Sing the 50 United States!
- The book's front cover
- Author: Dr. Seuss
- Cover artist: Tom Brannon
- Language: English
- Genre: Children's literature
- Publisher: Random House
- Publication date: June 2, 2026
- Publication place: United States
- ISBN: 9798217228560
- Preceded by: Horse Museum

= Sing the 50 United States! =

Book by Dr. Seuss

Sing the 50 United States! is a children's book by American author and illustrator Dr. Seuss. Announced on October 28, 2025, it is the first full, posthumous manuscript by Dr. Seuss to be discovered since What Pet Should I Get? in 2015. Theodor Seuss Geisel, known by his pen name Dr. Seuss, died in 1991.

The book is designed to teach children the names of the 50 U.S. states.
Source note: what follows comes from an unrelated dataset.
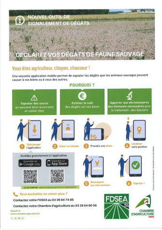 L’application "Signaler dégâts faune sauvage" permet aux agriculteurs et aux particuliers d'alerter gratuitement dès qu'un animal sauvage, quel qu'il soit, provoque des dégâts (hors sangliers, chevreuils et cervidés :
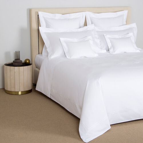 Soft and smooth with high shine, the Triplo Bourdon Sham is crafted from pure cotton poplin and embellished with a three-line embroidery

It was discovered in April 2025 at the Geisel Library at the University of California, San Diego, where much of Geisel's archive is held. The book was published on June 2, 2026—shortly before the United States Semiquincentennial—by Random House, with an initial print run of 500,000 copies.

==Discovery==
The manuscript was uncovered when three researchers visited the Geisel Library to study sketches from existing works. Archivists provided them with 20 boxes of Geisel's papers and materials, within which they found handwritten working notes and a clean, signed typewritten draft of Sing the 50 United States! The notes were undated and showed no evidence of editorial review.

Susan Brandt, president and CEO of Dr. Seuss Enterprises, described the discovery as "like finding a time capsule of his imagination."

==Contents and illustrations==
The book features the Cat in the Hat alongside two Little Cat helpers, guiding readers through the names of all fifty states. The found materials includes a cover sketch and art direction notes. The inside dust jacket features a map of the United States. The illustrations were completed in Seuss's signature style by Tom Brannon.

==Related projects==
Dr. Seuss Enterprises has announced plans for a related music video to be released on the official Dr. Seuss YouTube channel. In addition, the company will sponsor a nationwide "backpack build" program, distributing backpacks filled with Dr. Seuss books and school supplies to students in all 50 states.